Dans le cas de Joshua Prince, par exemple, on connaît bien la personne qui s’est engagée et qui utilise ce nom d’artiste de façon régulière. « Donc, lorsqu’il a signé le contrat avec son nom d’artiste, c’était une marque qui crée un lien entre sa vraie personne et son contrat. » Cependant, lorsqu’on veut gérer une entreprise avec un nom d’emprunt, il faut s’enregistrer, prévient le professeur en droit.

Est-ce que le photographe ou le prestataire de service peut se faire remplacer au pied levé ? Dans le cas d’un photographe de mariage, si on a vraiment bien identifié le photographe en regardant son travail, ses albums, son portfolio, nous sommes en présence d’un contrat intuitu personae, c’est-à-dire un contrat conclu en considération de la qualité personnelle d’un contractant. Il serait donc difficile, voire impossible, pour le photographe de se faire remplacer et envoyer une autre personne », explique le professeur de droit.

PHOTO DANY VACHON, FOURNIE PAR L’UNIVERSITÉ LAVAL

Reza Moradinejad, professeur agrégé à la faculté de droit de l’Université Laval

À moins que ça soit écrit et prévu dans le contrat que la personne peut exécuter elle-même sa prestation ou envoyer une autre personne. Sinon, envoyer une autre personne ne pourra être considéré comme une exécution conforme de ses obligations.

Reza Moradinejad, professeur agrégé à la faculté de droit de l’Université Laval

Le professeur de droit rappelle toutefois que, juridiquement, on peut avoir un contrat très bien ficelé avec des précisions spécifiques et détaillées, mais le jour J, si la personne n’exécute pas son obligation, on ne peut pas la forcer à le faire.

« On a perdu cet évènement, mais il va y avoir des recours qui vont d’une certaine façon réparer le préjudice subi.

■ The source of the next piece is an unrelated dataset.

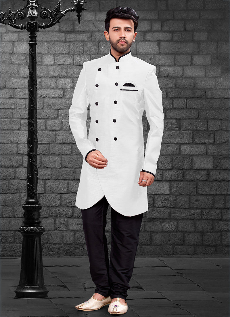 WHITE Art silk Wedding Wear Weaving Anarkali Sherwani

Mais c’est juste en termes monétaires, ce n’est pas en nature », conclut-il.

Huit trucs à considérer

1. Demandez conseil à vos amis et consultez les avis en ligne avant de choisir votre prestataire de service.

2. Vérifiez le nom au Registre des entreprises et sur la page « Se renseigner sur un commerçant » du site web de l’OPC.

3. Juste avant de signer le contrat, si ce n’est pas une entreprise reconnue, demandez une pièce d’identité.

4. Assurez-vous que le contrat soit bien détaillé, car si l’exécution du contrat n’est pas totale, vous pourrez aller chercher des dommages-intérêts en cours.

5. Si le prestataire de service ne respecte pas le contrat, essayez de vous entendre avec lui.

6. Si une entente s’avère impossible, essayez la rétrofacturation avec votre carte de crédit.

7. Si une entente est impossible et la rétrofacturation aussi, vous pouvez aller aux petites créances.

8. Si vous gagnez en cour, il est possible que la personne ne vous rembourse pas ou qu’elle n’ait aucun bien saisissable pour vous indemniser.